Ela tem o poder de atravessar.
Atravessar universos, histórias, limites, personagens, sentimentos, pessoas.
Esse projeto quer mostrar a potência do teatro como elemento de propagação de
cultura, despertando a percepção de crianças sobre esse elemento artístico.
Queremos que elas atravessem todas as barreiras e entrem no mundo mágico do
teatro". Pois o dinheiro captado para apresentar "o mundo mágico do
teatro" a crianças carentes acabou usado para pagar despesas de uma festa
de casamento para 120 pessoas em Jurerê Internacional, a praia mais badalada de
Florianópolis, conhecida como "a Ibiza brasileira". Se algo
atravessou limites nesse caso, foi o cinismo.

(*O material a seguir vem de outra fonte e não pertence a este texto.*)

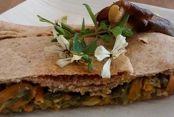 En una sartén saltear el cebollín y el pimentón cortada en juliana, cuando estén blandos, agregar el tomate concassé, la zanahoria y el zapallo italiano rallado grueso,seguir cocinando y agregar las espinacas previamente blanqueadas, el queso crema y el queso rallado, dejar enfriar.En una fuente previamente aceitada acomodar la masa estirada, poner el relleno, cerrar y hornear hasta que esté cocida la masa a fuego moderado.

A Lei Rouanet, criada em 1991, autoriza grupos ou artistas que tenham
projetos culturais aprovados pelo Ministério da Cultura a captar dinheiro com
empresas, que, em troca, ganham o direito de deduzir do imposto de renda parte
do valor do patrocínio. Segundo a Polícia Federal, a Logística era uma das onze
empresas usadas pelo Grupo Bellini Cultural para desviar dinheiro destinado ao
fomento da cultura para o bolso dos seus sócios, entre eles Felipe Vaz Amorim,
o noivo de Jurerê, seu irmão, Bruno Vaz Amorim, e seu pai, Antonio Carlos
Bellini Amorim, todos presos na semana passada. No casamento de Felipe, o cachê
de 13 216 reais pago ao cantor sertanejo
Leo Rodriguez, por exemplo, saiu do dinheiro captado pela Logística. Como
confirma Lincoln Porto, advogado da empresa que assessora o cantor: "Eles
pediram que constasse no corpo da nota fiscal que a despesa se referia ao
projeto tal". O projeto "tal" era o das criancinhas carentes que
precisavam conhecer a magia do teatro e chamava-se Minha Cidade. Junto com ele,
a Logística apresentou um segundo projeto ao MinC, batizado de Caminhos
Sinfônicos (objetivo: organizar apresentações gratuitas de música clássica para
mostrar que o gênero "não é um privilégio da elite"). Com a aprovação
dos dois projetos, a Logística foi autorizada a captar 1,8 milhão de reais no
mercado. A PF não sabe se esse valor foi integralmente usado para bancar as
despesas do casamento.
Segundo os investigadores, em vinte anos a Bellini Cultural recebeu
autorização para captar 180 milhões de reais por meio de justificativas fajutas
encaminhadas ao Ministério da Cultura. A polícia já sabe que boa parte do
dinheiro foi usada para contratar artistas conhecidos que se apresentavam a
seletos grupos ou em festas de empresas. Por intermédio da Bellini, e cortesia
da Lei Rouanet, um grupo atacadista de alimentos, por exemplo, bancou a
apresentação da banda Jota Quest a 4 000
convidados, e um dos escritórios de advocacia mais renomados de São Paulo
contou com show do comediante Fábio Porchat em sua festa de aniversário.
Segundo o Ministério Público, há cinco anos o MinC foi informado das fraudes
cometidas pela Bellini. Mesmo assim, seguiu aprovando os projetos do grupo.
Quem fez vista grossa à farra e por que motivo são as perguntas a que o MP e a
polícia pretendem responder em breve.